The N'Djamena summit takes place a year after that of Pau, which, faced with the threat of a rupture under the blows of jihadists, had led to a military reinforcement in the zone of the "three borders" and the sending of 600 additional French soldiers, increasing them from 4,500 to 5,100.

Despite the claimed tactical successes, the picture remains very bleak in the three main affected countries.

More than eight years after the start of the crisis, hardly a day goes by without an armed attack, the explosion of an artisanal mine or atrocities against civilians.

The bar of two million displaced persons was crossed in January.

A year after Pau and the time of the "military surge", must come to N'Djamena that of the "diplomatic, political and development surge", had advanced the French Minister of Foreign Affairs Jean-Yves Le Drian before the summit.

The French army claims to have seriously weakened the Islamic State organization (OEI) and killed several Al-Qaeda leaders in the Islamic Maghreb (AQIM).

The number of attacks on military camps declined in 2020.

But the two main jihadist nebulae remain very active.

"Adjustment" in sight

And France, confronted at home with growing questions about a financially and humanly costly anti-jihadist commitment (50 soldiers killed since 2013), agrees that the remedy cannot be only military.

Paris considers that too little has been done by its Sahelian partners on the political front, for example in Mali to apply a peace agreement signed with the former rebellion in the North, or to bring back teachers and doctors to the localities. that they have deserted.

The N'Djamena summit could "mark the effort targeted at the upper hierarchy" of the Support Group for Islam and Muslims (GSIM), a jihadist alliance affiliated with Al-Qaeda, explains the Elysee.

More generally in the Sahel, France does not hide its desire to reduce the sails of its army.

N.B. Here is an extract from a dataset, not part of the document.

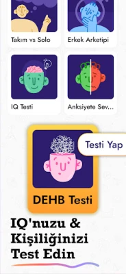 Uygulama içerisinde ayrıca dikkat eksikliği hiperaktivite bozukluğu, anksiyete türleri, duygusal zeka, baskın beyin tipi gibi konularda testler de bulunmaktadır. Bu sayede zihinsel sağlığınızı, bilişsel yeteneklerinizi ve kişilik özelliklerinizi keşfedebilirsiniz.

She will "adjust her effort", assured Mr. Macron in January.

But Paris seems hesitant to immediately cut its workforce.

Paris is counting in particular on "Sahelization", that is to say the passing of the baton to the national armies that France forms with the European Union.

These, under-trained and under-equipped, remain vulnerable.

President Déby himself acknowledged these weaknesses on Monday and "invited all member states to work towards full empowerment of the G5 Sahel joint force by providing it with its own financial and logistical resources".

In addition, politically, Paris insists that it is time to consolidate the military successes of recent months by reinstalling the state where it is absent.

"A lot of efforts are being made by our governments to (...) ensure the return of the State and the administrations to the territories", argued Idriss Déby Itno.

But "the socio-economic situation in our countries is not very bright (...), which is why we are making an urgent appeal to all our partners to provide us with the additional resources they have promised to enable us to carry out our development programs ", he concluded by invoking in particular the" track of the cancellation of the debt ".